Never finagle line fits, delete data points that do not fit the curve, or make data points so large that almost any curve would pass through them. Never distort the importance of a trend, tempting as this may be.
Begin at zero for the scales used for the axes of a graph whenever possible; choose these scales carefully and mark them clearly. Sometimes, a valid trend would disappear on a scale with a zero axis, and all the data points would bunch up at the top. In this case, signal readers that the graph's axis is not at zero, either with a statement in the text or with a break in the axis.
If a point represents the mean of a number of observations, indicate the magnitude of the variability by a vertical line centered at each point. State whether standard error (SE) or standard deviation (SD) is used and specify number of observations or sample sizes. Again, learning the capabilities of your graphing software ultimately will simplify the task. Most programs have the ability to insert such information automatically with a few keystrokes.
When two or more graphs or other figures are to be compared, draw them to the same scale. Then, if possible, group them into a single illustration. To minimize reduction during printing, place them one above the other rather than side by side.
Remember the limitations of your data. The extrapolation of a line or a curve beyond the points shown on a graph may mislead both the writer and the reader.
As Winston Churchill is said to have remarked in another context, "It is wise to look ahead but foolish to look further than you can see."
Image-based illustrations document discoveries.
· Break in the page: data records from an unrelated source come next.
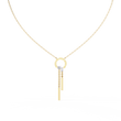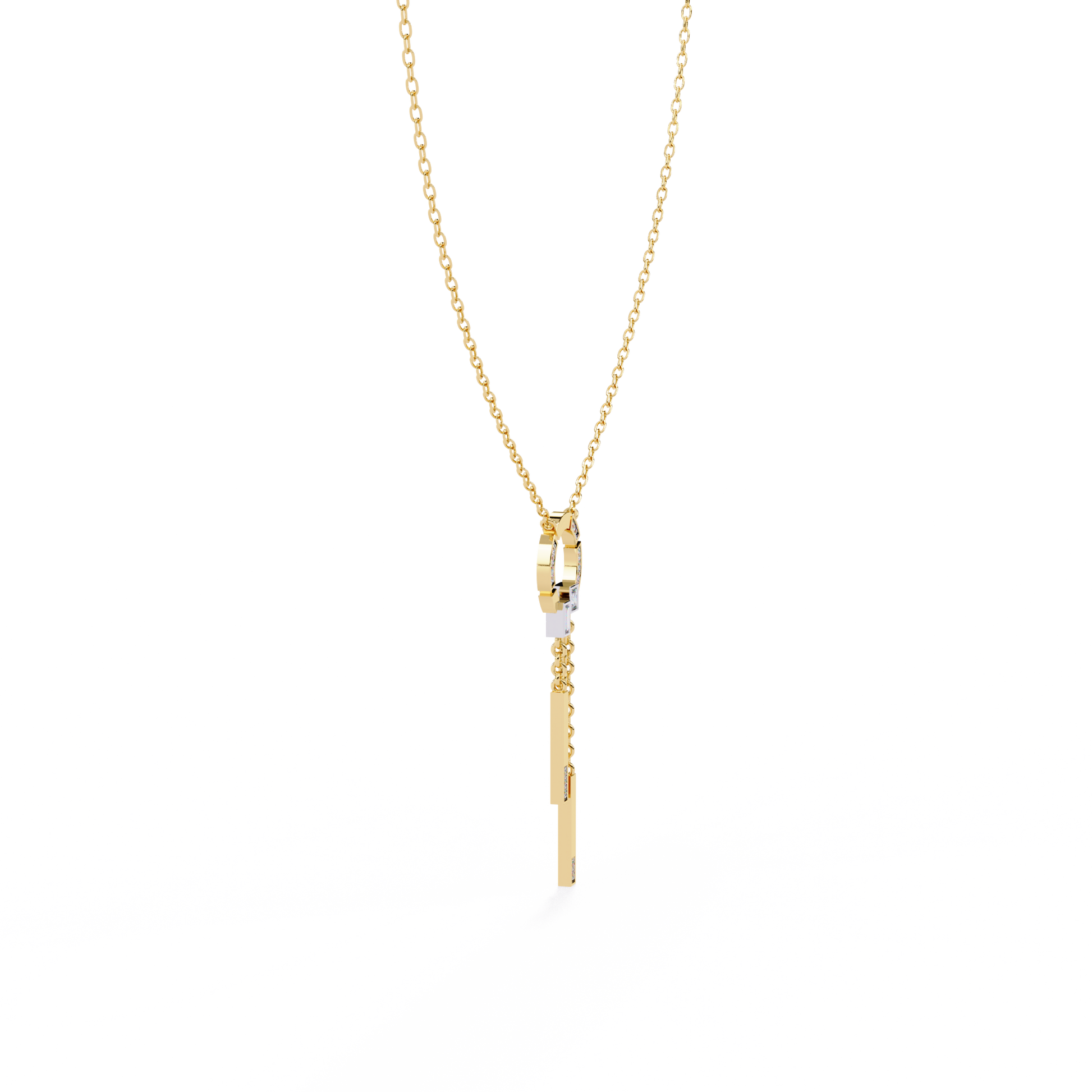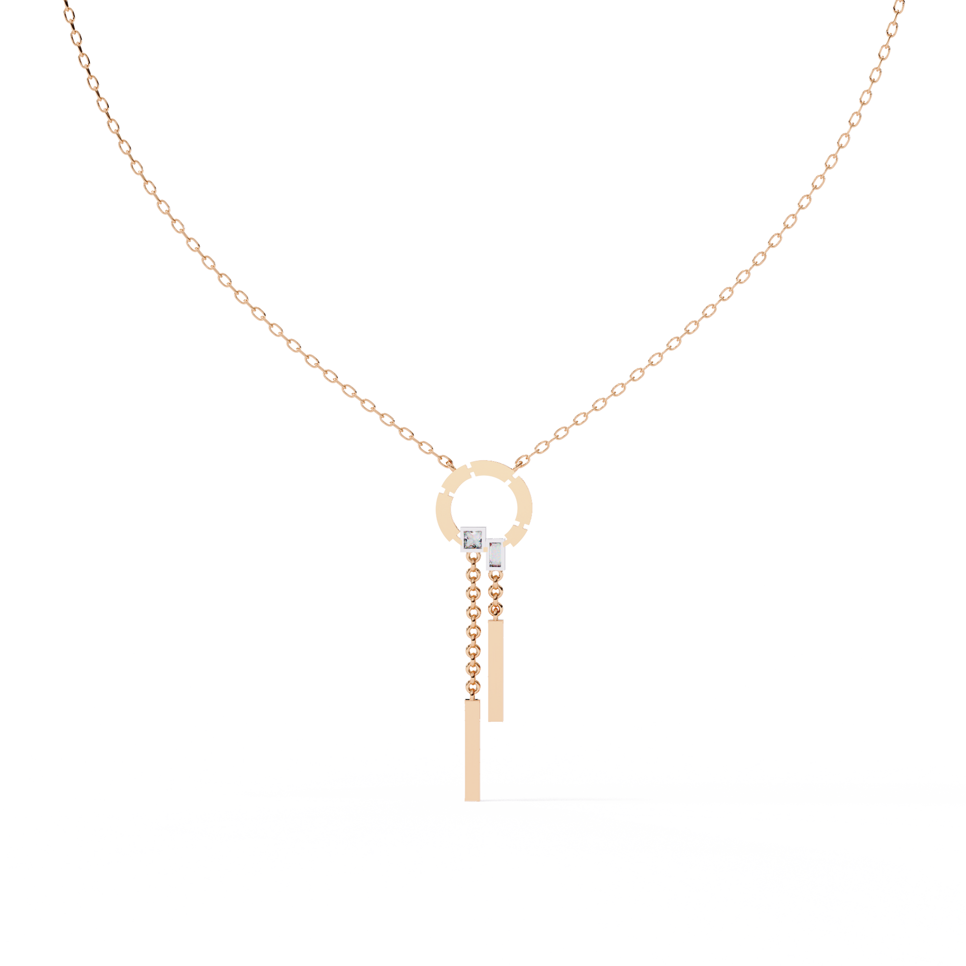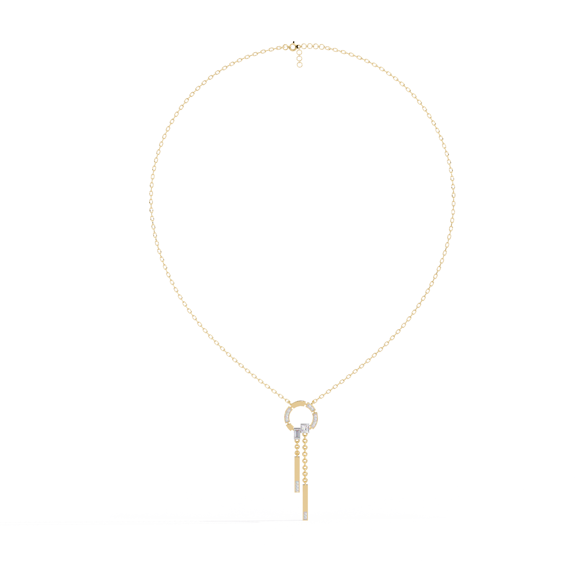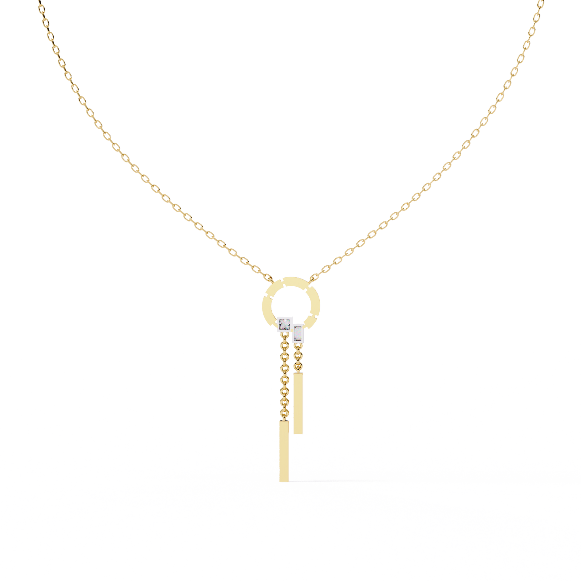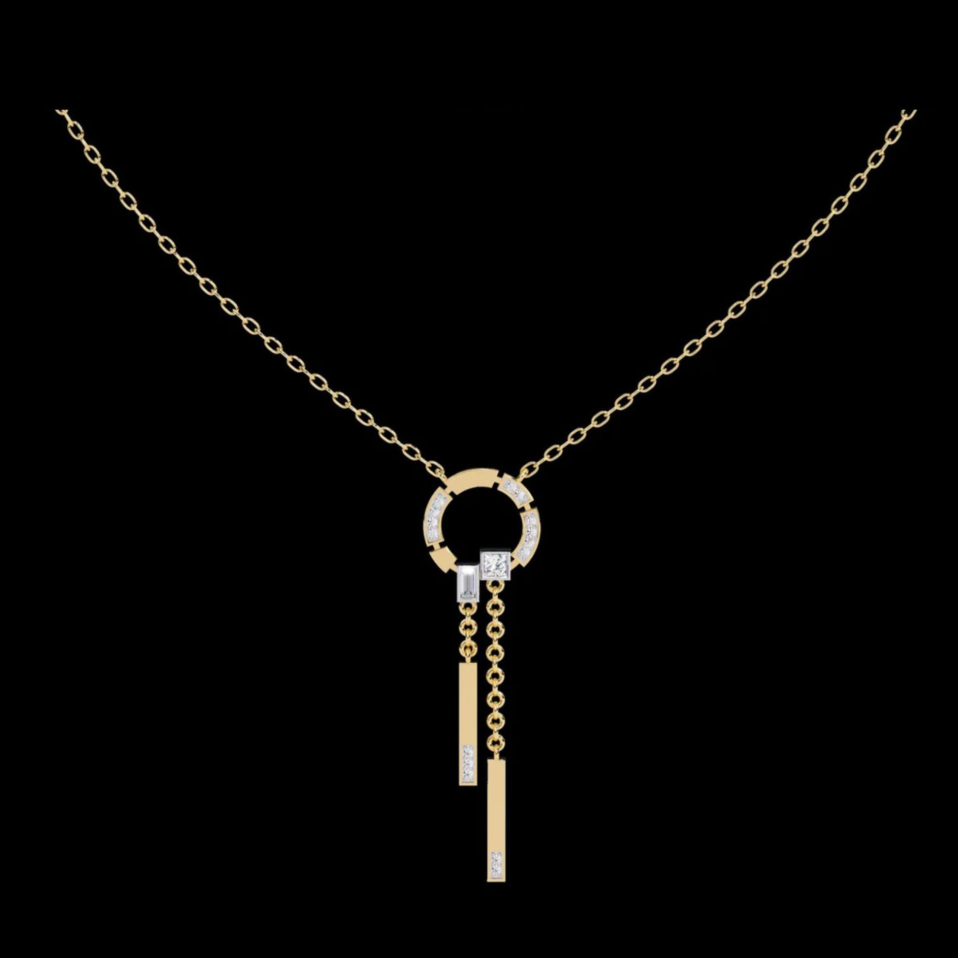 This modern geometric necklace beautifully blends elegance and sophistication, making it a standout accessory for any occasion. Designed with a circle pendant accented by round, princess and baguette-cut stones, it exudes a refined sparkle that catches every angle of light. The pendant gracefully suspends from a delicate chain, featuring two vertical bar drops that add a contemporary edge to the timeless design. Perfect for elevating both casual and formal looks, this necklace is a statement of modern luxury and minimalistic charm a must-have piece for women who appreciate fine craftsmanship and unique style by Ivevar luxury.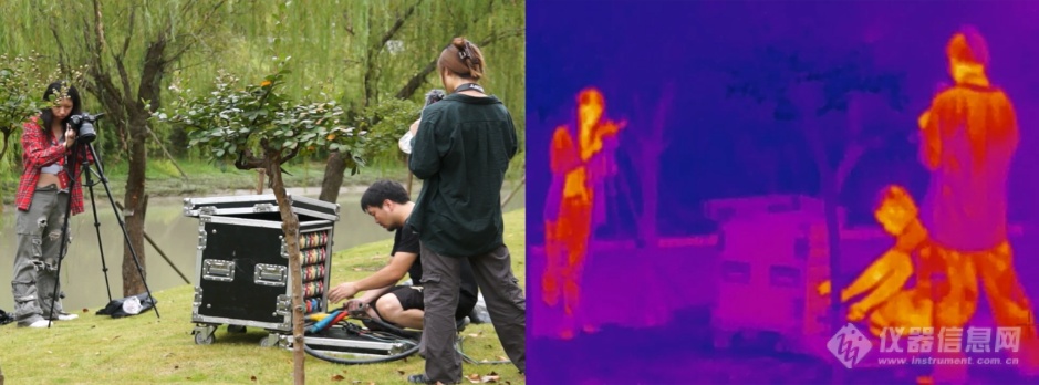 可见光-热成像拍摄对比图之一-樱桃河畔,桥边行人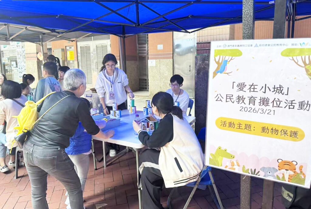 澳門青年義務特工協會聯同街坊總會公民教育中心、由市政署贊助,於早前在林茂海邊街舉辦「愛在小城」公民教育攤位活動,組織本澳青年及親子義工進入社區,化身成推廣大使向居民宣揚動物保護意識。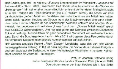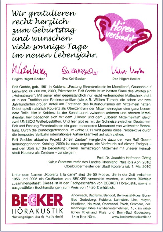 Posted in Aufsätze/Grußworte JoHo by joho Keine KommentareDurch Reproduktionen der Impressionen über repräsentative Koblenz-Motive hat sich die Firma “Hörakustik Becker” mit ihren Grußkarten um das kulturelle Erbe der Stadt Koblenz verdient gemacht. Das nunmehr 55. Motiv ist mit einem Bild des Koblenzer Heimatmalers Ralf Godde erschienen. Als Regierungsbeauftragter für das Weltkultuerbe Oberes Mittelrheintal hat Staatssekretär Prof. Dr. Joachim Hofmann-Göttig ein unterstützendes Begleitwort zur Verfügung gestellt.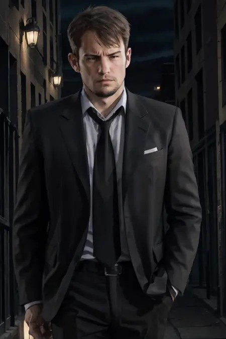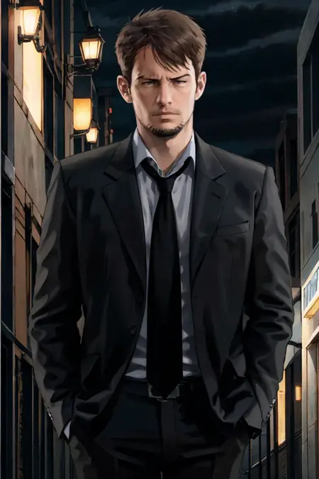 General tag structure for this version: kyle_hyde, <<type of image: pencil drawing / pencil sketch>>, <<optional: drawing in thick lines, monochrome / grayscale>>, 1man, <<face portrait / upper body / full body>>, <<perspective (optional): side view>>, <<actions: looking at viewer / smiling / thinking / holding phone / closed eyes / holding gun / sitting on couch / holding and reading book>>, <<clothes: formal black suit / blue jacket, white collared shirt, black necktie>>, <<expression: frown / serious face / surprised expression>>, hands in pockets, <<background: white background / dark city street / indoor background / blurry background of desert>>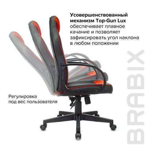 Кресло компьютерное BRABIX "Game GM-017", экокожа/ткань, черное/красное, 532642, GM-017_532642

For most people, this is the first category that comes to mind when they hear that a paper has "figures." The photograph of a new organism, the print of gel banding patterns, the radiographic image of a patient's bone deformity ... all would belong here, and in traditional publishing, all would be submitted as a photographic copy. Happily, electronic copy is now widely accepted, so all such illustrations usually can be scanned and submitted as digital files.
When it comes to showing exactly what something looks like, nothing beats the realism of a photograph. At the same time, the realism of a photograph can be disadvantageous. It may include clutter, extraneous information, or components you would rather not show. Happily, the ease by which digital images may be altered makes it possible to fix such distracting components (and almost inexcusable not to do so).
Photographs also will usually only show surfaces, not the components or interior parts that a line drawing or diagrammatic exploded view can provide. Sometimes a traditional drawing is still a better choice.